I returned to Kensington and took a few more pictures in November 1987. In my project on London I liked to go back to walk around areas a second time, often walking along the same streets in the opposite direction or on the opposite side of the streets to perhaps see things I had not noticed on my walk. There were some areas too that I found of more interest that I’d return to every few years, and others that I visited regularly for reasons other than photography, perhaps to visit friends or go to particular shops etc.

Scarsdale Place, Kensington, Kensington & Chelsea, 1987 87-11e-34-positive_2400
Scarsdale Place, Kensington, Kensington & Chelsea, 1987

I can’t at this remove remember what took me back to Kensington only a short time after I’d previously walked there. It may have been that there were some pictures I’d taken that I wasn’t entirely happy with, though there were probably plenty I thought that about. Perhaps I had some business not far away, or an exhibition I went to see, and it’s an area not far from where a friend had a studio. But what impresses me now is the variety of the architecture I found there.
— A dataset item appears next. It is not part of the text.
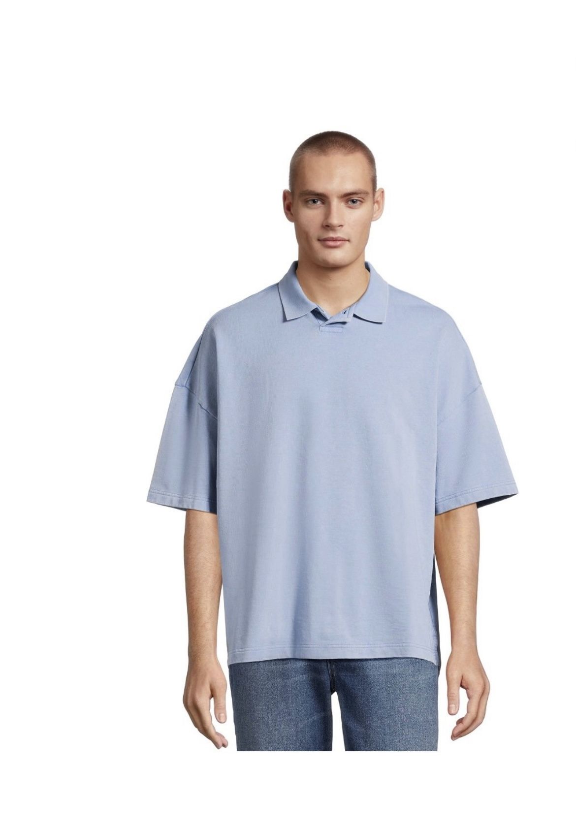 No Boundaries blue Mens Oversize French Terry Polo Shirt, Size L (42-44). New pick up only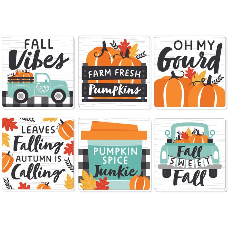 Big Dot of Happiness Happy Fall Truck - Funny Harvest Pumpkin Party Decorations - Drink Coasters - Set of 6

Cheniston Lodge, Cheniston Gardens, Kensington, Kensington & Chelsea, 1987  87-11e-35-positive_2400
Cheniston Lodge, Cheniston Gardens, Kensington, Kensington & Chelsea, 1987

Cheniston Gardens was given its name by its developers and derives from the spelling of Kensington in the Domesday Book when ‘Chenesitone’ had18 villagers, 7 slaves and one priest. Chenistone Lodge, the single red brick and terracotta Queen Anne building in a sea of stucco was the last building to be completed on the street in 1885. It was on the site of Abingdon House, where in 1874 Archbishop Manning set up a Catholic University College run by Thomas Capel, which was a failure as wealthy Catholics preferred to continue to get special dispensation to send their sons to Oxbridge, and because of Capel’s poor finanacial management, which led to his bankruptcy in 1878. More problems were to follow for him, and the following year Monsignor Capel was found guilty of having sex with three women (one a servant of one of the others); on his appeal to Rome there was no verdict on his guilt or innocence but he was sentenced to continue his career in the Catholic Church in the United States. Abingdon House was sold to the developers in 1879.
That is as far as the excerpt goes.